フォーミュラE東京大会決勝の2日前、英ローラとの参戦を発表(左から2人目が丸山常務)
電池残量を意識して走るのはレース車両も市販車も同じだ

 日本で初開催された電気自動車(EV)レース、「FIAフォーミュラE 世界選手権」に合わせ、ヤマハ発動機は「シーズン11」(2024―25年)からの参戦を発表した。「高度なエネルギーマネジメント技術を獲得し、全事業の電動技術の底上げに結び付けていきたい」。パワートレインを統括する取締役常務執行役員の丸山平二は会見でこう語った。

 ヤマハ発がモーターやインバーターなどの電動パワートレインを開発し、英ローラ・カーズの車体に搭載して参戦チームに供給する。同社が国際四輪競技に参戦するのはF1(フォーミュラワン)にエンジンを供給した1997年以来だ。

 電動技術自体は本業に近いトライアル競技に電動バイクで参戦し、好成績も残している。なぜフォーミュラEなのか。丸山は「技術の研さんに向けた(電動モータースポーツの)最高峰だからだ」と説明する。

 四輪ほどの規制は進んでいないものの、二輪車にもやがて電動化が求められることは時代の趨勢(すうせい)だ。ヤマハ発も、今年までに電動車を計10モデル投入し、50年には二輪車の90%を電動化する方針を持つ。

 ただ、充電インフラ不足や高コスト、航続距離の確保といった課題は残ったまま。車載電池を独自開発することも生産量を考えると難しい。このため、外部調達した電池をいかにうまく使いこなすかが重要となる。言い換えると、電動化戦略を進める上での最重要ポイントはエネルギーマネジメント技術に行き着く。

 フォーミュラEもまた、エネルギーマネジメントが勝負のカギを握る。車体形状やタイヤ、車載電池は全チーム共通で、開発はパワートレインなどに一部に制限される。決勝レースでは、〝限りあるエネルギー〟をどこでどう使うかの戦略が問われる。東京大会では、日産自動車のオリバー・ローランドが首位で安定した走りを見せつつ、0.7秒差で優勝を逃した。ローランドは「エネルギーをセーブするためにトップを譲らなければならなかった」と敗因を語っている。

 現行のフォーミュラEマシンは第3世代に当たり、エネルギー全体の約6割をバッテリーから、約4割をモーターからの回生でまかなう。いかに電池残量を管理しつつ、多くのエネルギーを回生して早くゴールに到達できるか。フォーミュラEで電動パワートレインの効率を極限まで高めることは、小型電動モビリティの性能向上にもつながる。

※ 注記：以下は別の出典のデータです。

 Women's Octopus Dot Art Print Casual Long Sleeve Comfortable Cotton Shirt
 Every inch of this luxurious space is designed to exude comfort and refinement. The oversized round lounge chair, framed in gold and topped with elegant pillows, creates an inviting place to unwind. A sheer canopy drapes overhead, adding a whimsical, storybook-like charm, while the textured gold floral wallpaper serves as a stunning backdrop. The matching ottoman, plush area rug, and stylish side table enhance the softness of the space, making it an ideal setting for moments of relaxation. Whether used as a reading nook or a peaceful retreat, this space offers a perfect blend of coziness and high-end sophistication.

 「フォーミュラカーの世界は欧州中心で、新たな技術でいかに相手を出し抜くか、学べることは非常に多い。上(の世界)を知って何を使うか、応用は効く」。ヤマハ発の技術・研究本部でAM(自動車用エンジン)開発統括部長を務める原隆は、厳しい開発競争で得られる技術が同社製品の競争力を広く底上げすることにつながると話す。

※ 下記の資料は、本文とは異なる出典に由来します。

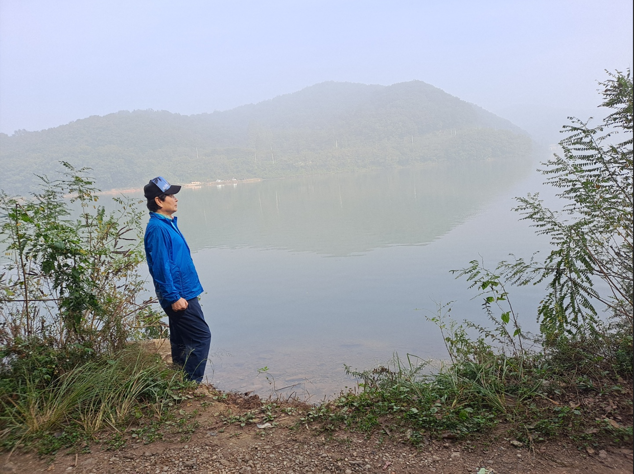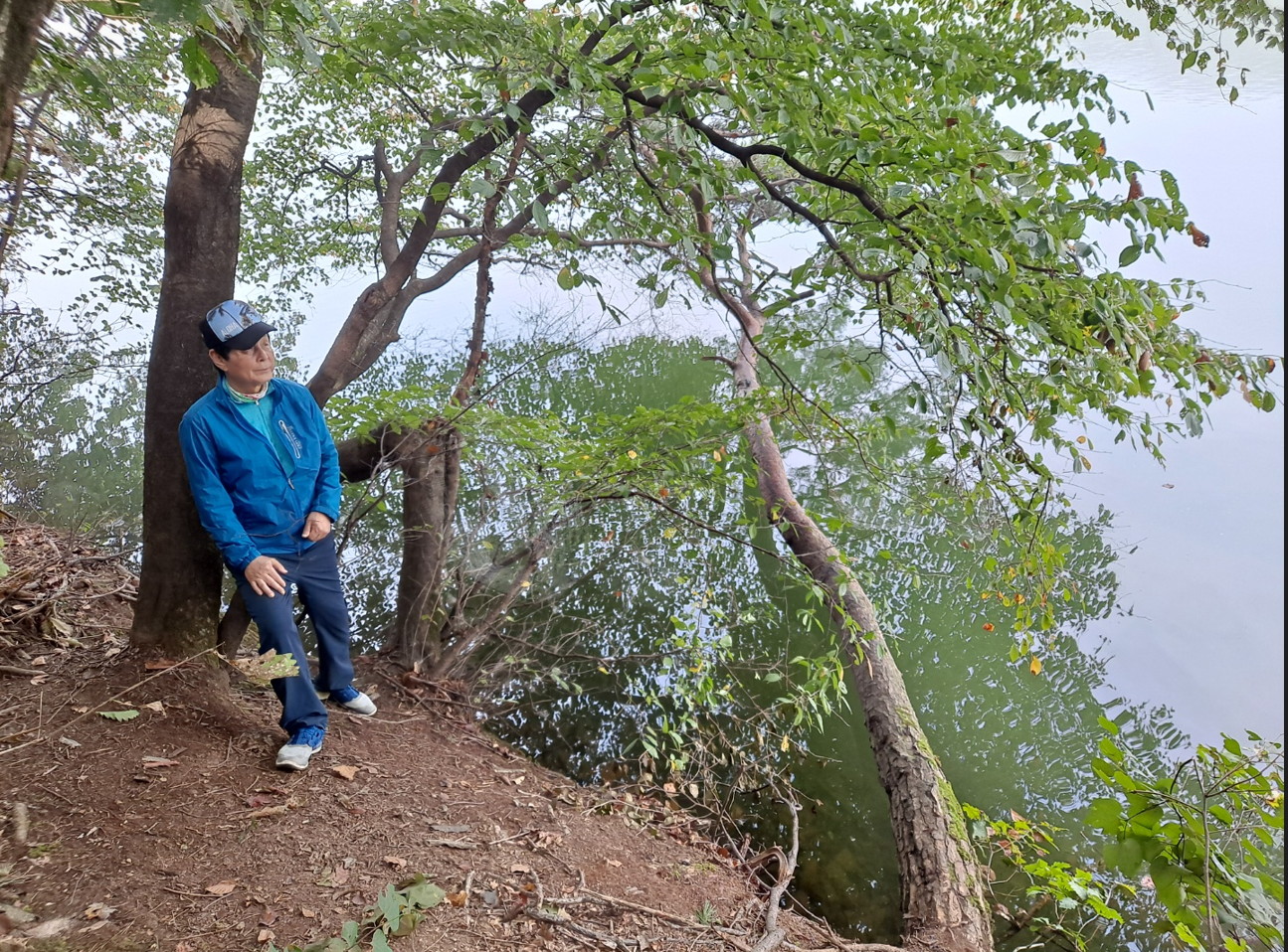 캠핑하며 낚시도 즐기는 젊은이들의 사이를 돌아서 낚시인들이 호숫가를 돌아가며 만든 작은 오솔길을 들아보니 물위에 드러누운 소나무 한그루가 포토존을 만들어 놓았다. 도심속에서 한주일간의 업무에 찌든 갇힌 생활에서 해방되어 자연속에서 자유롭게 맛보는 힐링의 시간은 이렇게도 신비롭게 아름답다.

 ヤマハ発は1955年、日本楽器(現ヤマハ)から分離・独立する形で創業した。当時、日本でも約200社の二輪メーカーが乱立していた。ヤマハ発は後発ながら、富士登山オートレースや浅間高原レースで優勝し、高性能イメージでシェアを高めていく。「トヨタ2000GT」などスポーツカーの〝黒子〟としても業界では知られる。

 二輪EVの事業環境は中国や東南アジアなど新興勢も入り乱れ、創業当時を彷彿(ほうふつ)とさせる。丸山はフォーミュラEの技術について「われわれの技術と比べて格段に高い。参画できれば学び取るところは大きい」と話す。ポルシェ、ジャガー、日産などとの真っ向勝負で得た技術が、同社の電動化ロードマップを実現する原動力となる。

 

 ヤマハ発動機は「フォーミュラE」に英ローラと組んで来シーズンから参戦する。二輪を主力事業としながら四輪レースの世界選手権に挑む狙いや、同社の電動化戦略を追った。(敬称略)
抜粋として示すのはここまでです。